According to an investigation carried out by Cels (Center for Legal and Social Studies), Argentina’s main human rights NGO, 1,538 women are being prosecuted for having undergone clandestine abortions or after having undergone spontaneous abortions.
Only 63 of them have been officially charged with having had an abortion. The others all answer for the crime of homicide aggravated by the bond or abandonment of a person.
In the prison are 30 women, some of whom are sentenced to life imprisonment, as is the case of a 34-year-old girl arrested in the province of San Juan. Or Rosalia Reyes, in Bahía Blanca, sentenced to eight years and recently transferred to house arrest.
In 2018, feminist lawyers regretted not being able to release Patricia Solorza, 34, who lived in Quilmes, a lower middle-class neighborhood in time. She already had two children and was arrested in 2014. She had had an abortion at home and abandoned the fetus in a field. Also sentenced to eight years in prison for homicide aggravated by bail, she died of infection in hospital.
The story of women imprisoned or convicted of abortion in Argentina is a series of tragedies that typically affect low-income women. The most serious cases occur in the north of the country, in the more conservative provinces. Until December last year, abortion was only allowed in cases of rape or the risk of death of the woman. Yet having access to abortion in these cases has always been very difficult.
“In many provinces, especially the more conservative ones, there are delegates, judges and doctors who are doing everything to criminalize women, from delaying access to safe and legal abortion to their conviction by different personalities after the ‘abortion,’ he says. Orrego-Hoyos.
Most complaints, according to the Cels survey, come from people who work in the health care system, who are afraid of being accused of committing an illegal abortion.
The legalization of abortion until the 14th week of pregnancy, even if it allows the end of the current procedures, does not directly affect the sentences imposed on women convicted of homicide – who initially continue as they are.
“We will have two jobs now. The first is to ask for a criminal review of the cases, so that they begin to be classified as abortion and not homicide. And, as abortion is no longer punishable in the country, they could be released, because the crime has ceased to exist, ”says Orrego-Hoyos.
Even reporting progress in legalizing abortion, many feminist activists admit that there will be difficulties in implementing the new law, as more measures are needed. “Poverty is a problem that runs through all these tragic stories, the lack of education and information too.

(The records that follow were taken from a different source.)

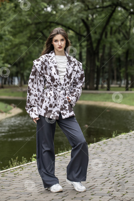 Портрет молодой красивой брюнетки. Стильный жакет - черно-белая пятнистая корова.
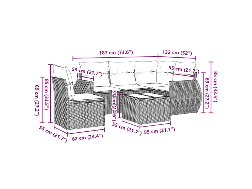 Tato zahradní sedací souprava je dokonalým doplňkem vaší zahrady, terasy nebo dvorku a poskytne vám pohodlné a příjemné místo, kde si můžete povídat s rodinou a přáteli nebo jen tak odpočívat a užívat si pobyt venku.
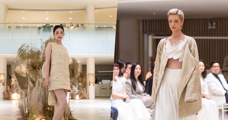 Nếu Châu Anh mang đến hình ảnh nền nã, chuẩn mực và gắn liền với tinh thần trách nhiệm cộng đồng, thì Hà Kino lại xuất hiện đầy phóng khoáng và tự do ở vị trí vedette. Người mẫu diện thiết kế làm từ vải gai dầu dệt tay, xử lý hoàn toàn thủ công, với áo khoác dáng rộng kết hợp chân váy trắng suông dài mang tinh thần unisex – dung hòa giữa đường nét mạnh mẽ và sự mềm mại của chất liệu tự nhiên.
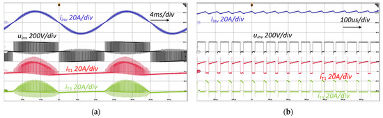 Steady state waveforms of the T-NPC inverter with two anti-parallel connected transistors in the horizontal branch: inverter current iinv (blue) 20 A/div, output voltage of the inverter uinv (black) 200 V/div, current of the transistor T1 iT1 (red) 20 A/div, current of the transistor T3 iT3 (green) 20 A/div; (a) 4 ms/div; (b) 100 us/div.

These are problems that the law does not solve, other actions are necessary, ”says Orrego-Hoyos.
The Cels survey lists several examples of women who tried to hide their pregnancy until they faced complications from the termination of pregnancy and, for this reason, were hospitalized late, or who did not know that they were pregnant and found themselves without medical care, in addition to those who attempted an abortion with dangerous, homemade techniques.
For lawyer Ana Correa, author of “Somos Belén” (ed. Planeta), which tells the story of the character who opens this text, “the fight must now be for parity between the sexes in the judiciary. In the legislature, we already have a quota for women, the executive has many women, but not in the judiciary, which eliminates the gender perspective of processes and beliefs “.
According to her, women continue to face stigma, machismo and abuse in police stations and courts. “There is a lot of work to be done on this side,” he says.